Copy from the first line below down to and including the line with "Hand Forged Iron". Skip the pictures.

» **MATERIAL PROVIDED**
● ● ● ● ● ● ●

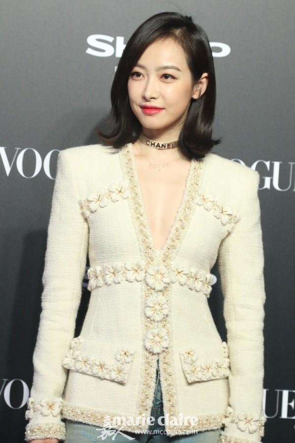 宋茜戴Chanel金色字母金属Choker,身穿Chanel 2017早秋高级定制系列山茶花珍珠深V粗呢西装,下身穿破洞不规则裤脚边牛仔铅笔裤,脚踩黑色尖头高跟鞋,手拿Chanel头像印花木质手拿包。
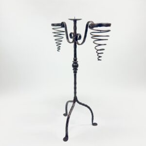 Hand Forged Iron Candelabra 26.5″ (67cm) Sculptural Spiral Single Candle Stand Antique Finish
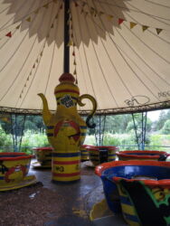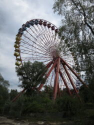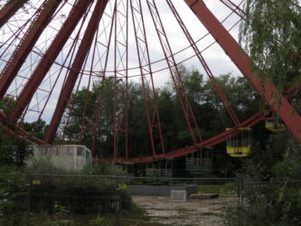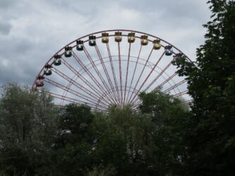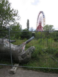 Wer in Berlin eine Spreefahrt von Charlottenburg bis nach Alt-Treptow macht, braucht nur noch durch den Treptow Park, um zum alten Spreepark Plänterwald zu kommen. Hier kann man noch heute die letzten Fahrgeschäfte des Freizeitparks bestaunen, der bis 2002 geöffnet war. Doch die letzten Tage sind angebrochen… Das Gelände wird bereits von Osten her abgerissen. Aber einige Attraktionen sind noch gut erhalten: Die Achterbahn, das Kaffeekannen-Karussell, die Wildwasserbahn und das Riesenrad. Das Wahrzeichen des Parks ist schon von weitem zu sehen. Und das Verrückte daran – es dreht sich die meiste Zeit durch den Wind. Ist man nah genug dran, kann man die alten Lager ächzen hören. Es hört sich ein bisschen wie Duddelsackmusik an.
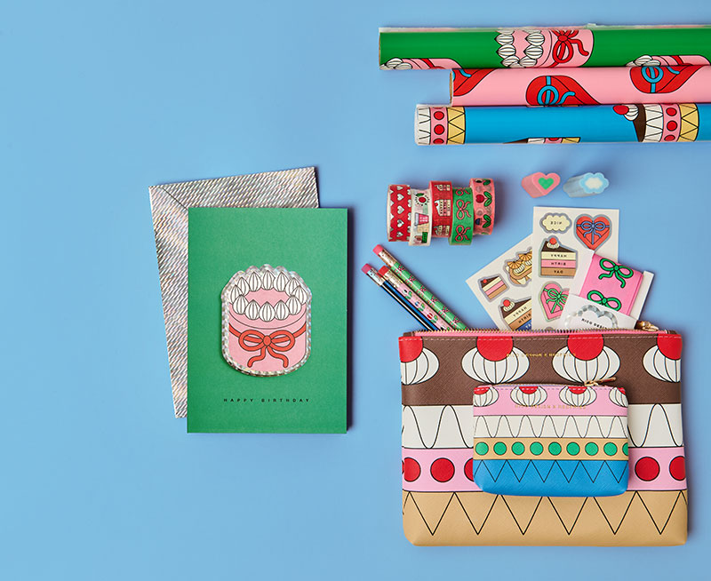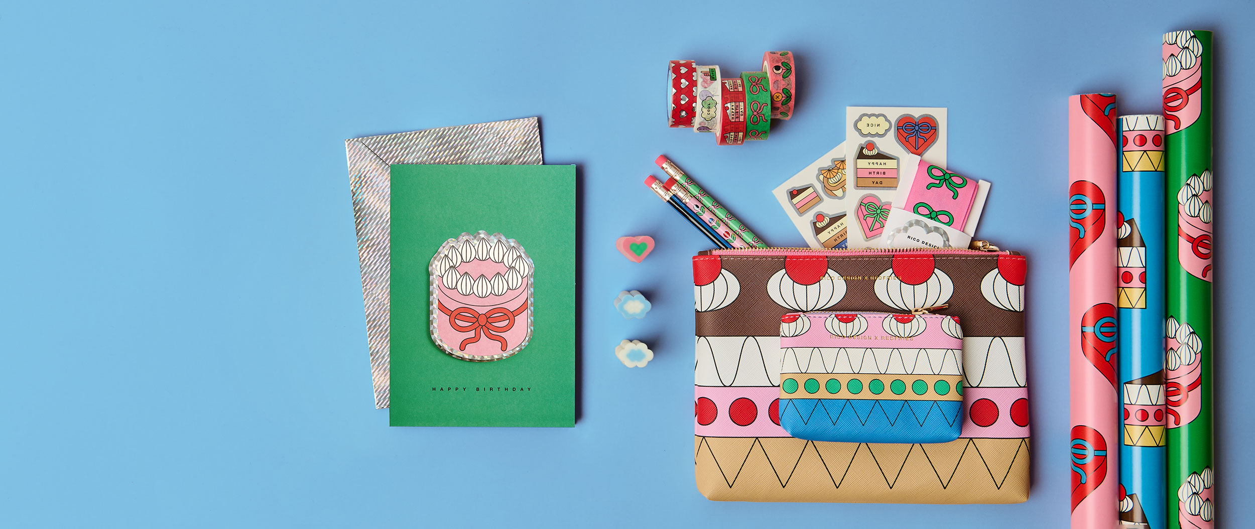 Drei Geschenkpapierrollen, eine Geschenkkarte und zwei Etuis mit Stickern, Bleistiften und Radiergummis. Flatlay von Produkten der Kollektion Eye Candy.

● ● ● ● ● ● ●

» **SOLUTION FOR THIS EXERCISE**
 宋茜戴Chanel金色字母金属Choker,身穿Chanel 2017早秋高级定制系列山茶花珍珠深V粗呢西装,下身穿破洞不规则裤脚边牛仔铅笔裤,脚踩黑色尖头高跟鞋,手拿Chanel头像印花木质手拿包。
 Hand Forged Iron Candelabra 26.5″ (67cm) Sculptural Spiral Single Candle Stand Antique Finish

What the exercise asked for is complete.